**ABOUT THIS TASK**
An exact copy of every entry is required, without the pictures.
····················
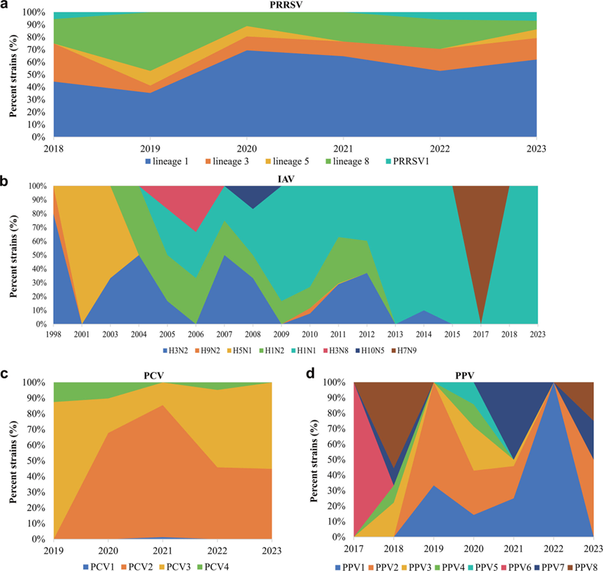 (a)根据NCBI公布的基因组序列,回顾性地确定了2018年至2023年中国猪场猪繁殖与呼吸系统综合征(PRRS)的动态变化。
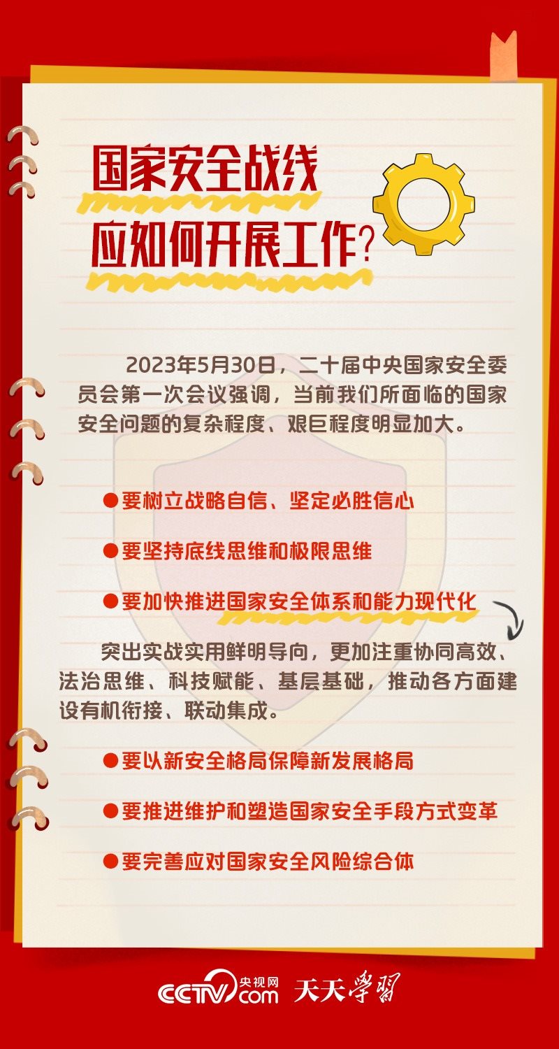 5月30日,習近平總書記主持召開二十屆中央國家安全委員會第一次會議時強調,要全面貫徹黨的二十大精神,深刻認識國家安全面臨的復雜嚴峻形勢,正確把握重大國家安全問題,加快推進國家安全體系和能力現代化,以新安全格局保障新發(fā)展格局,努力開創(chuàng)國家安全工作新局面。
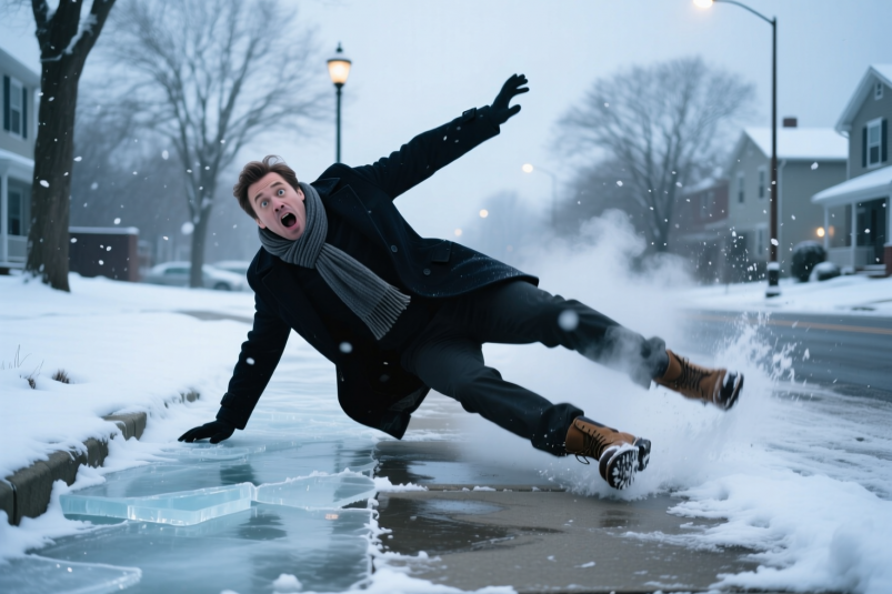Снег с дождём, прошедший во вторник, 23 декабря, оставил после себя не только слякоть, но и коварную ледяную корку на тротуарах. Для многих горожан утро среды превратилось в настоящее испытание: скользкие ступени, замёрзшая каша у подъездов и обледеневшие пешеходные зоны.
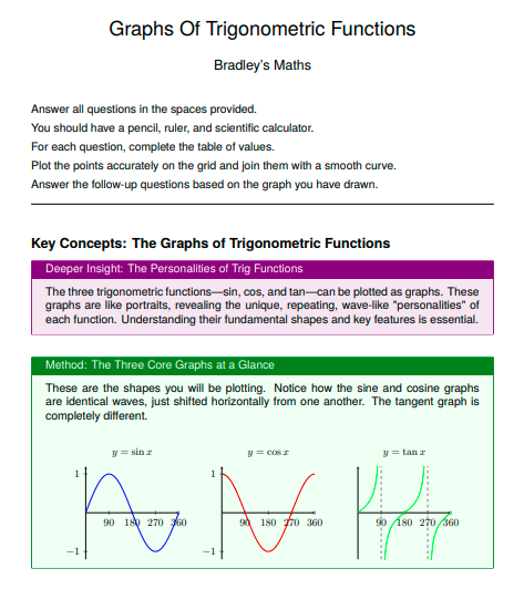 - Key Concepts: The opening section of the worksheet tells you what the worksheet contains and how to answer the questions with fully worked methods, deeper insights, pro-tips and how to avoid the typical student errors.
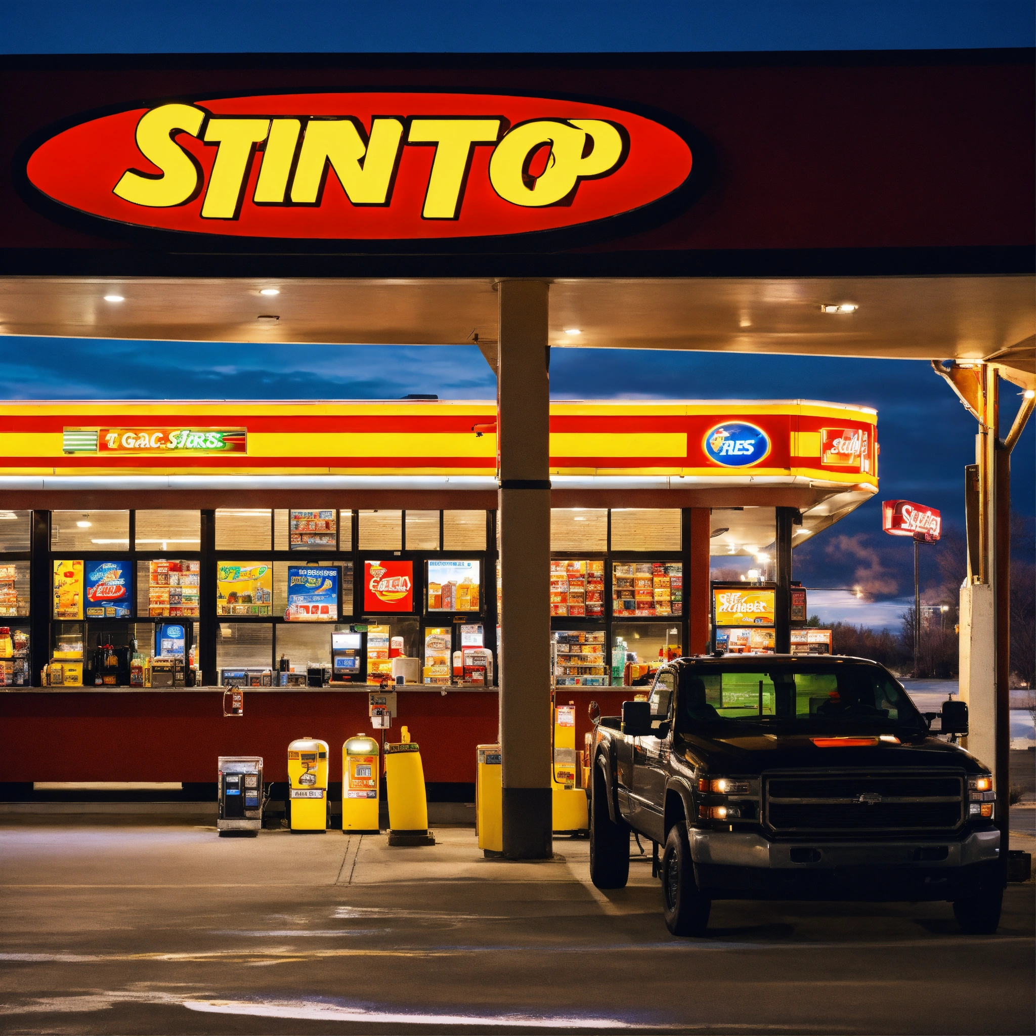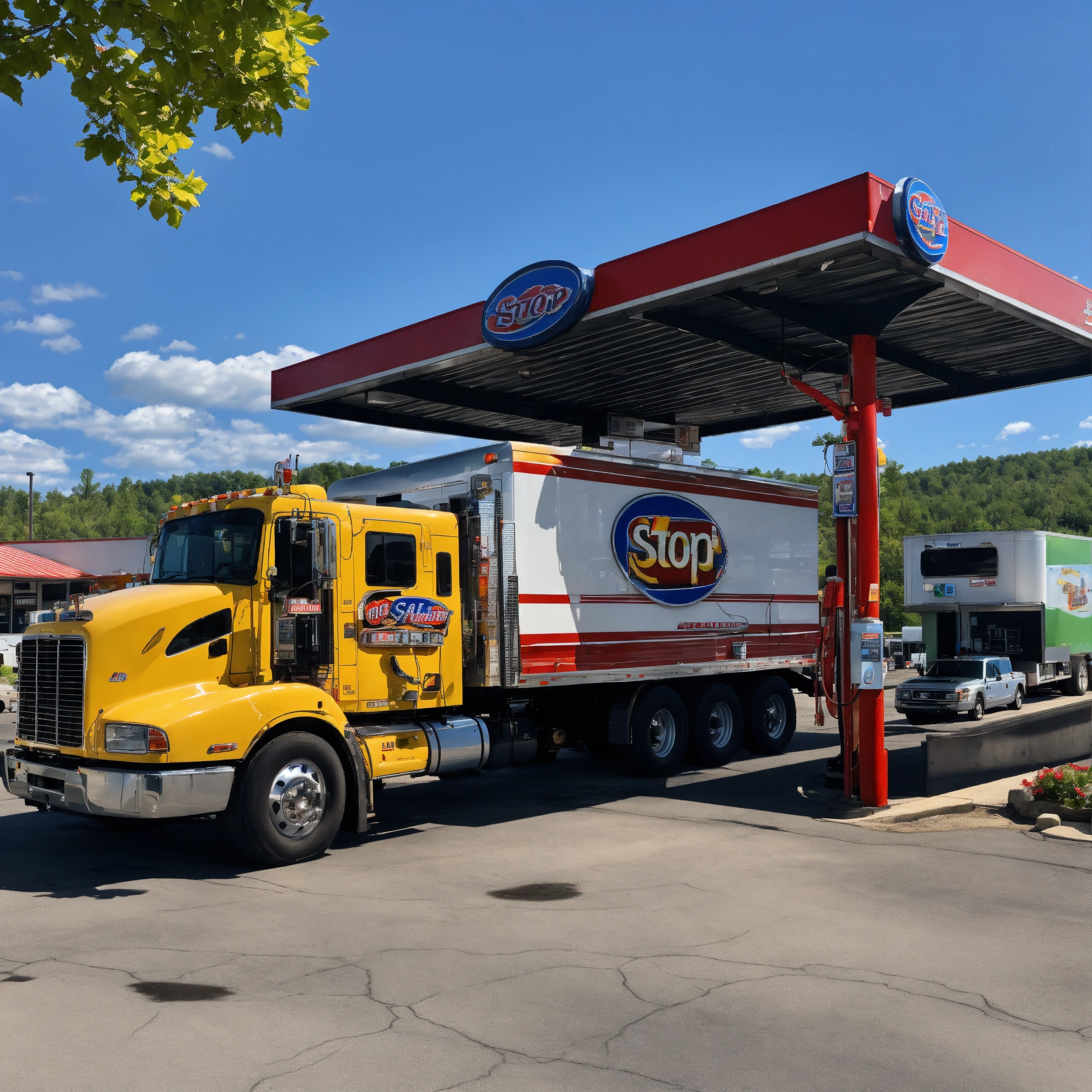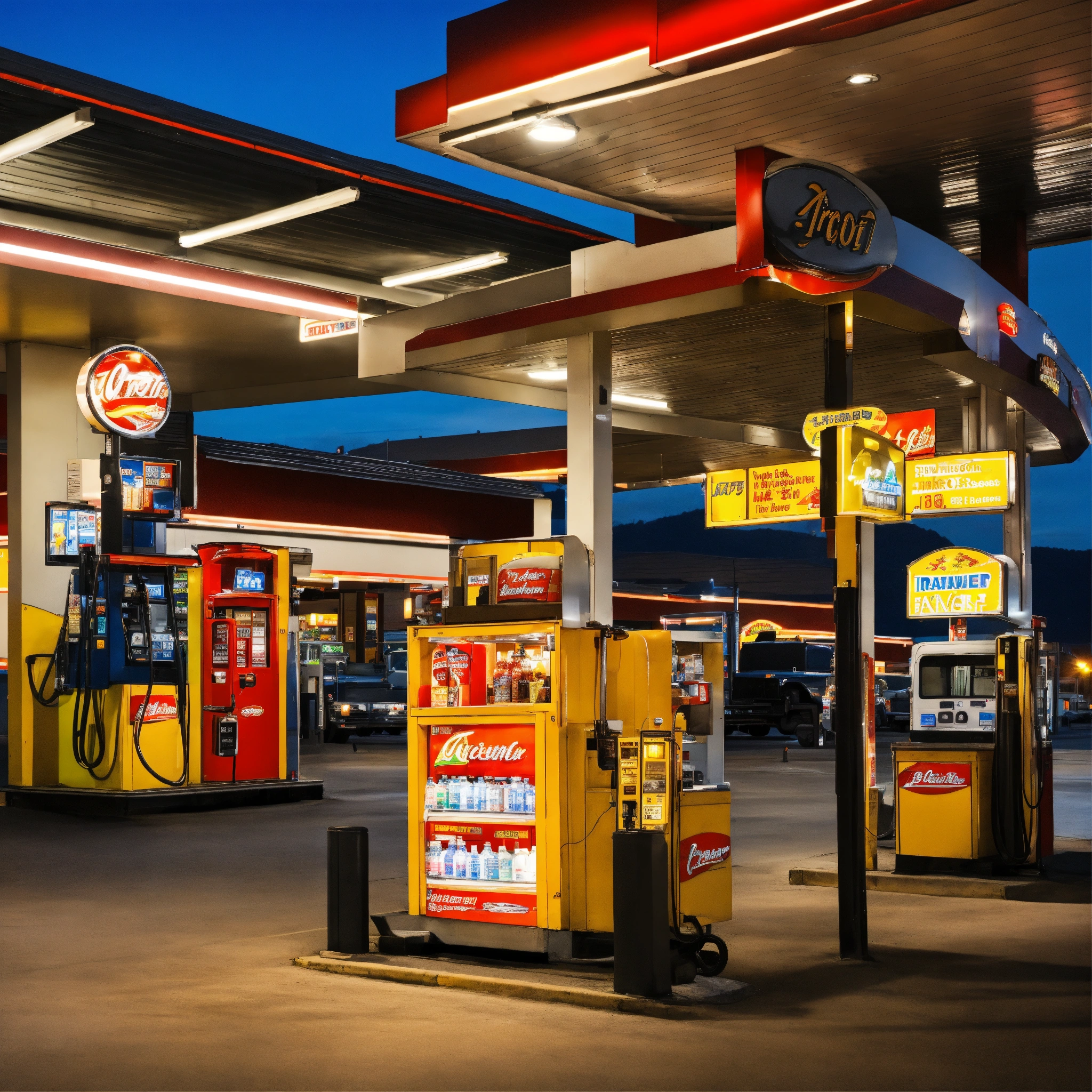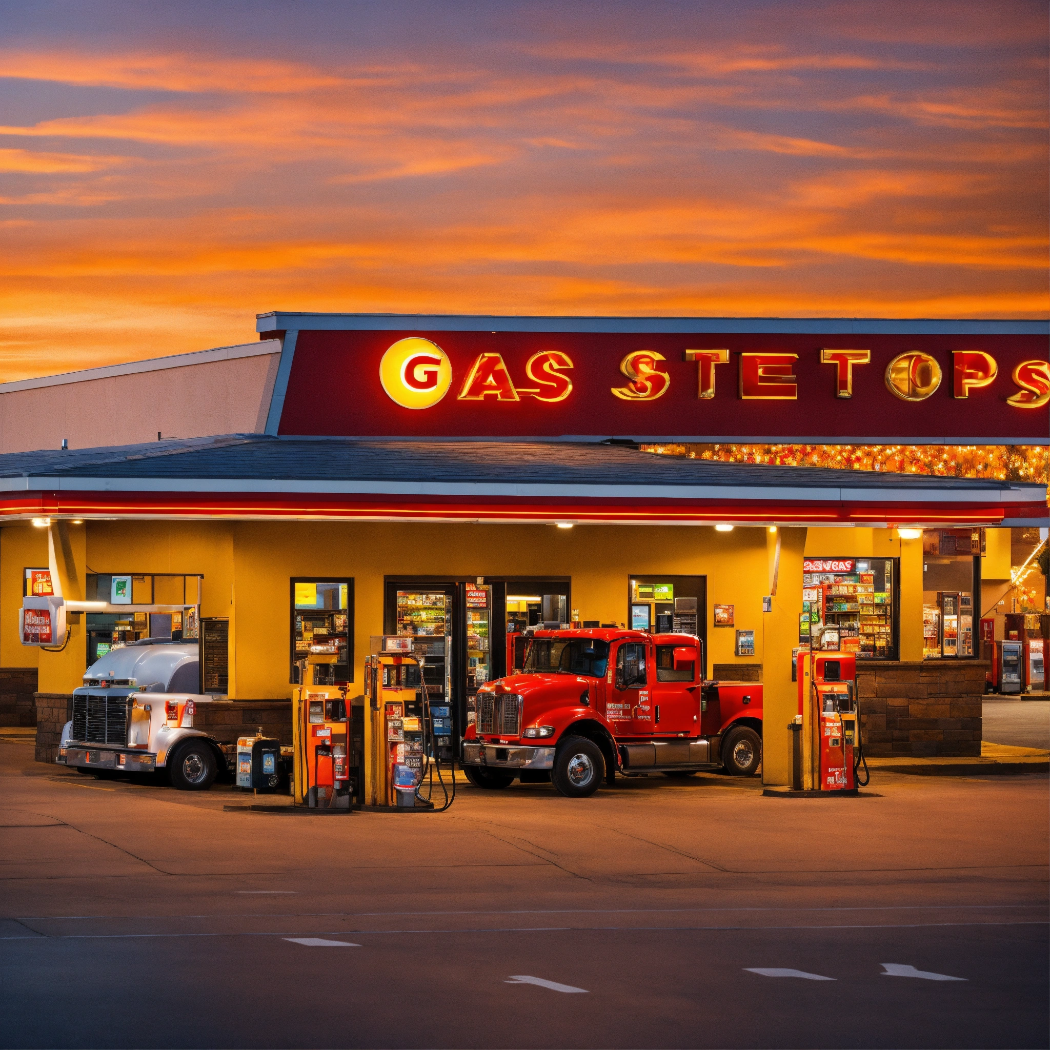 A photo of a truck stop with a variety of services. the truck stop has a gas station, a restaurant, and a convenience store.
····················
**EXERCISE RESPONSE**
 (a)根据NCBI公布的基因组序列,回顾性地确定了2018年至2023年中国猪场猪繁殖与呼吸系统综合征(PRRS)的动态变化。
 5月30日,習近平總書記主持召開二十屆中央國家安全委員會第一次會議時強調,要全面貫徹黨的二十大精神,深刻認識國家安全面臨的復雜嚴峻形勢,正確把握重大國家安全問題,加快推進國家安全體系和能力現代化,以新安全格局保障新發(fā)展格局,努力開創(chuàng)國家安全工作新局面。
Снег с дождём, прошедший во вторник, 23 декабря, оставил после себя не только слякоть, но и коварную ледяную корку на тротуарах. Для многих горожан утро среды превратилось в настоящее испытание: скользкие ступени, замёрзшая каша у подъездов и обледеневшие пешеходные зоны.
 - Key Concepts: The opening section of the worksheet tells you what the worksheet contains and how to answer the questions with fully worked methods, deeper insights, pro-tips and how to avoid the typical student errors.
 A photo of a truck stop with a variety of services. the truck stop has a gas station, a restaurant, and a convenience store.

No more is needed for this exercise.